(MATERIAL PROVIDED)

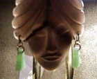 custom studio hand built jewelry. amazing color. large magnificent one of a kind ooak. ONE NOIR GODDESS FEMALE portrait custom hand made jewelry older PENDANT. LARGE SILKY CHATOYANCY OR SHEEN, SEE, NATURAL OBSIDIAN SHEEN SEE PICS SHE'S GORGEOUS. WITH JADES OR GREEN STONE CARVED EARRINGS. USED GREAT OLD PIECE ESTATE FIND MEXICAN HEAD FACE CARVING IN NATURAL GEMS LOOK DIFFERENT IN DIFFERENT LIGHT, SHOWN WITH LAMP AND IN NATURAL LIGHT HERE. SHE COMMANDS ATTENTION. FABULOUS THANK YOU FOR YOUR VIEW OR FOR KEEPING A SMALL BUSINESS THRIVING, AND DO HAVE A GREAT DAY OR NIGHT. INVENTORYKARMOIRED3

(End MATERIAL PROVIDED)
(MATERIAL PROVIDED)

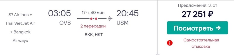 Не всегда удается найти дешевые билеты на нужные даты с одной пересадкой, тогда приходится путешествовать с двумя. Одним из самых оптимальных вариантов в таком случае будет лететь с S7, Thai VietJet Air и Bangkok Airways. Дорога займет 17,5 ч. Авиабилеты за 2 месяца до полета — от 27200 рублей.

(End MATERIAL PROVIDED)
(MATERIAL PROVIDED)

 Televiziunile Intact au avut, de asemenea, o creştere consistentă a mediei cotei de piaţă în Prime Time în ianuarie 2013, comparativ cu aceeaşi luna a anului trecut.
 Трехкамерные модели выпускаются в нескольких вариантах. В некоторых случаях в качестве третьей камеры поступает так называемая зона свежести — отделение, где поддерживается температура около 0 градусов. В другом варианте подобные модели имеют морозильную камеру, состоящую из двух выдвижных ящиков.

(End MATERIAL PROVIDED)

▶ WHAT THE TASK ASKS:
Please output the lines of the listing above that fall in the stretch from the one with "Televiziunile Intact au" through the one with "Трехкамерные модели выпускаются", exactly and only those.

▶ REPLY TO THE TASK:
 Televiziunile Intact au avut, de asemenea, o creştere consistentă a mediei cotei de piaţă în Prime Time în ianuarie 2013, comparativ cu aceeaşi luna a anului trecut.
 Трехкамерные модели выпускаются в нескольких вариантах. В некоторых случаях в качестве третьей камеры поступает так называемая зона свежести — отделение, где поддерживается температура около 0 градусов. В другом варианте подобные модели имеют морозильную камеру, состоящую из двух выдвижных ящиков.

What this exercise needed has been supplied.